I’ve only skimmed through the book, and just as I’ve expected, I’m not in the target audience. It is mostly stuff which I already knew.
My mom, however, IS in the target audience. And she’s been spending a lot more time with the book than I have.
After I returned to San Francisco, she’s become a lot more interested in asexuality than she ever has been before. The background is, when I first came out to my mom, she said I was just a late bloomer, and a few months later I moved to a different continent and had only limited contact with my mom for a few years, and never discussed asexuality with her during this time. I do recall that, at the time of my departure, she had seemed to have already accepted to some degree that I was asexual.
She has tried to learn about asexuality on the internet but … well, let’s just that the internet is not a suitable venue for my mother to learn about asexuality. I have given her some Asexuality 101, but there is a limit to that because a) I don’t like giving people Asexuality 101 in general and b) it is particularly difficult with my mother because there is a lot of personal history, expectations, feelings, etc. – and we both have to get through that in a way which is not harmful to our relationships – which makes it more complicated than giving Asexuality 101 to a stranger. She actually asked me if there was a book about asexuality, which was the perfect opening for me to tell her about The Invisible Orientation.
One of her first reactions was “This book is like reading a dictionary”. At the time, she held a book which I’m guessing (but am not sure) is a romance novel, and I said “Uh, I think that’s the wrong book.” And then she said “I mean the asexuality book – I started reading this because I’ve had enough of reading about word definitions today.”
That is definitely one of the reasons why The Invisible Orientation is more helpful than the internet for educating my mom – even in organized book format, it was tough enough for her to get the hang of the terminology. On the internet, with its plethora of disorganized sources, it was overwhelming for her.

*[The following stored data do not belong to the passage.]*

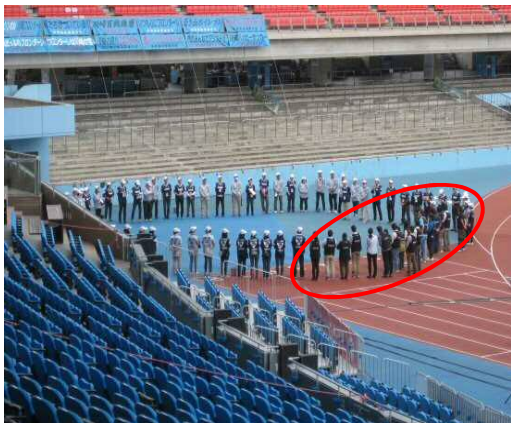
① ボランティアミーティングにも参加します♪ スタッフの心得について説明を受けます。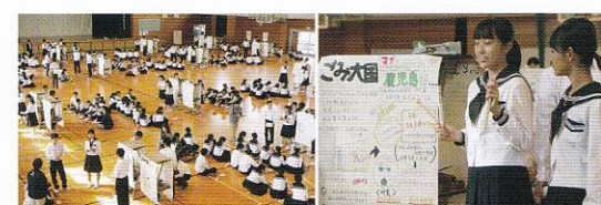
ポスター形式による課題研究発表 (大学教員による助言・指導)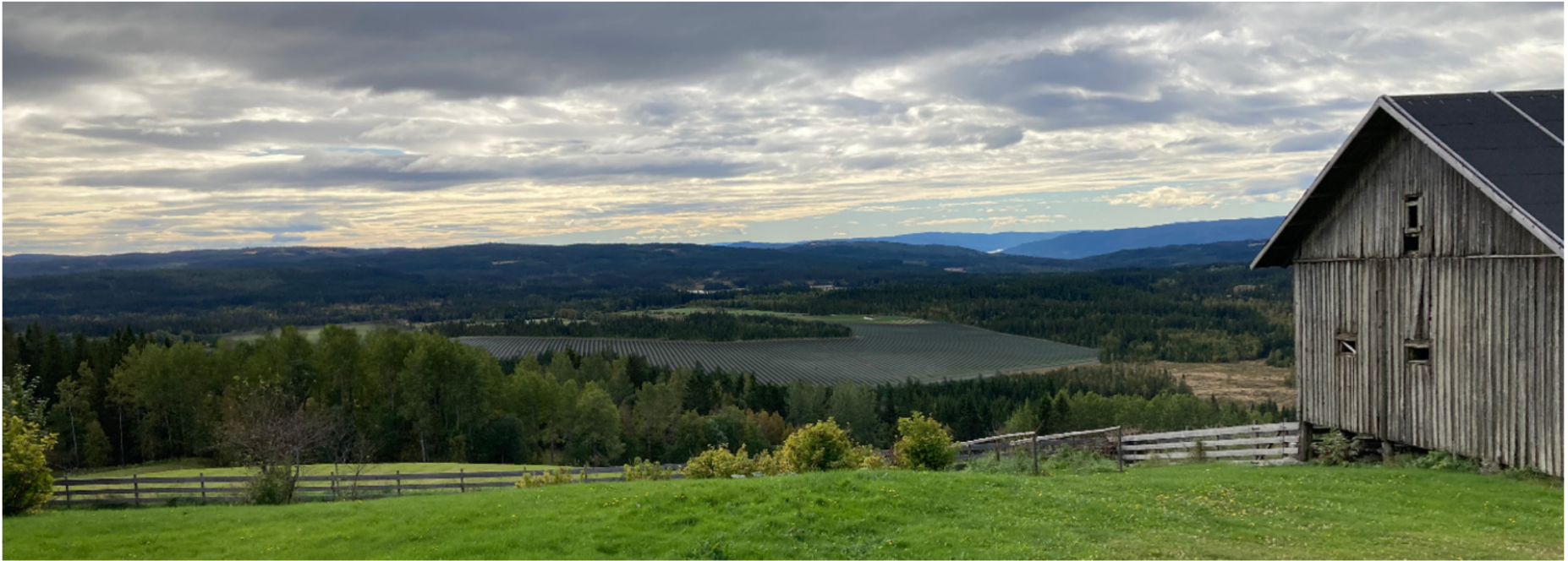
Figur 5 viser kraftverket sett fra lengre hold oppe i dalsida.

Kraftverket sett fra tunet på Seval Gård, fotostandpunkt 1: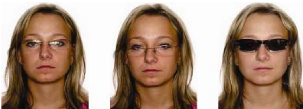
reflejos en los anteojos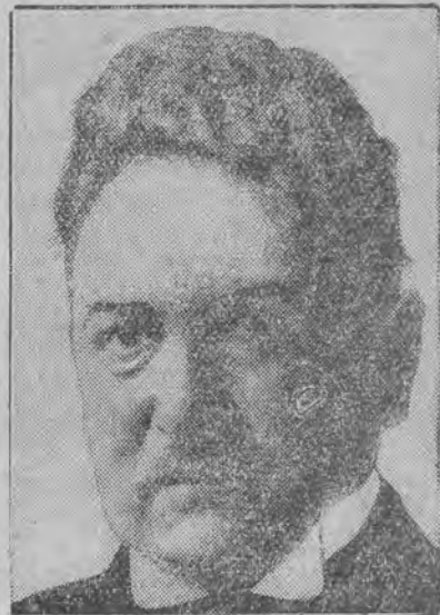
nowy premier norweski, przywódca partii chłopskiej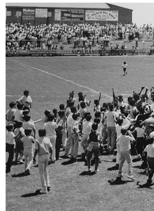
Uno de los míticos ascensos a Segunda en Las Margaritas.

Muchos recuerdan hoy sus gritos desde el banquillo. Con el cigarrillo en la mano no tenía campo para correr el jugador que no le hiciera caso. Entrenador temperamental, a lo Camacho, no hay campo en la Comunidad de Madrid que él no haya recorrido. De todos ellos, atesora multitud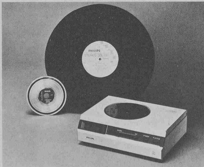
compact disc im Vergleich mit 30-cm-Langspielplatte. Links die neue 11,5-cm-Platte deren digitalcodierter Inhalt mit einem Laserstrahl abgelesen wird. Rechts das sehr kompakte Abspielgerät.

ben in der Tiefe ermitteln und diese auf einer klar lesbaren Skala ersichtlich machen. Das Instrument erfasst Flächen und nicht Punkte. Der Feuchtigkeitsgehalt kann sofort von der Skala abgelesen werden. Das Gerät ist besonders geeignet für Feuchtigkeitsmessungen an anorganischen Baumaterialien (Beton, Backstein, Naturstein, Putz usw.). Es lässt sich aber auch einstellen für die Feuchtigkeitsmessung organischer Materialien, wie Holz, Papier usw. Ein weiteres Merkmal ist das akustische Signal, das den Einsatz in vollständiger Dunkelheit erlaubt. Je nach Einstellung wird dabei vom Instrument ab einem gewissen Feuchtigkeitsgehalt ein Summton ausgelöst. Das Gerät ist robust konstruiert und wird in kräftiger Leder-Tragtasche geliefert, mit deutscher oder französischer Bedienungsanleitung im Deckel. Anderegg Mauerentfeuchtung, 9011 St. Gallen.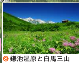
8 鎌池湿原と白馬三山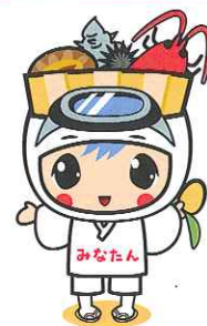
南房総市のゆるキャラ『みなたん』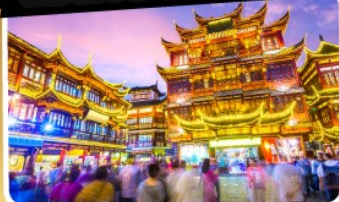
ตลาดร้อยปีเจิ้งหวงเหมียว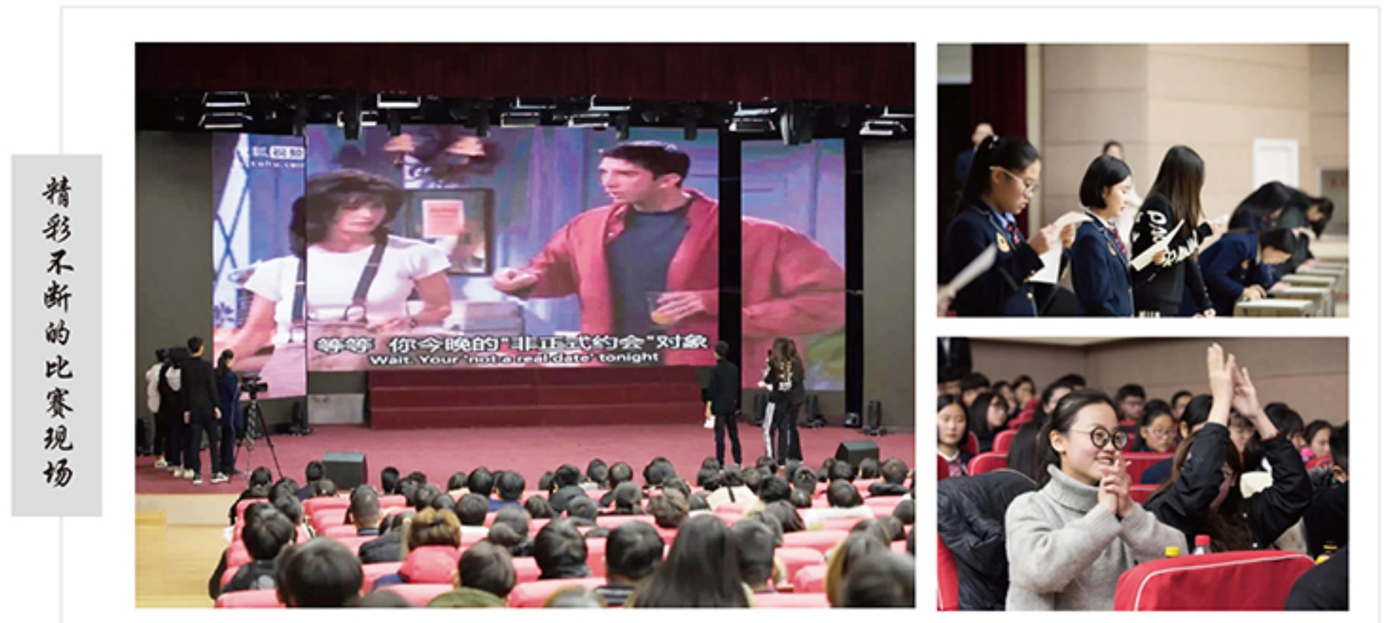
精彩不断的比赛现场

单词王大赛作为国际教育学院近年来品牌特色活动,旨在结合我院专业特色,展示我院学生的个人风采,培养学生学习英语的兴趣和积极性,提高学生的英语词汇量,做到以赛促学,以赛促教,营造良好的英语学习环境,培养学生良好的英语学习习惯,同时丰富学生的校园文化生活,让学生在比赛中体验英语学习的乐趣,从而向学院培养“中西融汇、内外兼修”的高素质国际化创新型人才的目标迈进。(文/田一琳)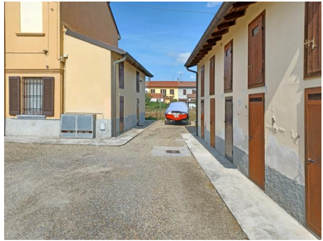
Via Fossarmato, accesso al Mapp. 65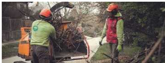
/a kép illusztráció/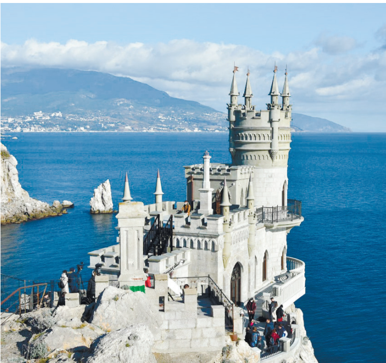
Замок «Ласточкино гнездо» предполагалось сделать местом расправы с Распутиным.

В квартире Распутина раздаётся телефонный звонок: у Алёши разболелось ухо, он плачет, не может уснуть.

She eventually got through that section of the book, and then confided in me “When I heard you were asexual, I had two thoughts. The first was that, as you get older, and have more experiences, you may find that you are sexual. I’ve given up on that.” [I think coming out to her shortly before leaving North America was brilliant timing on my part] “But I still have my other concern, and that asexuals are so rare, 1% of the population, it’ll be hard for you to find a partner.”
To be continued.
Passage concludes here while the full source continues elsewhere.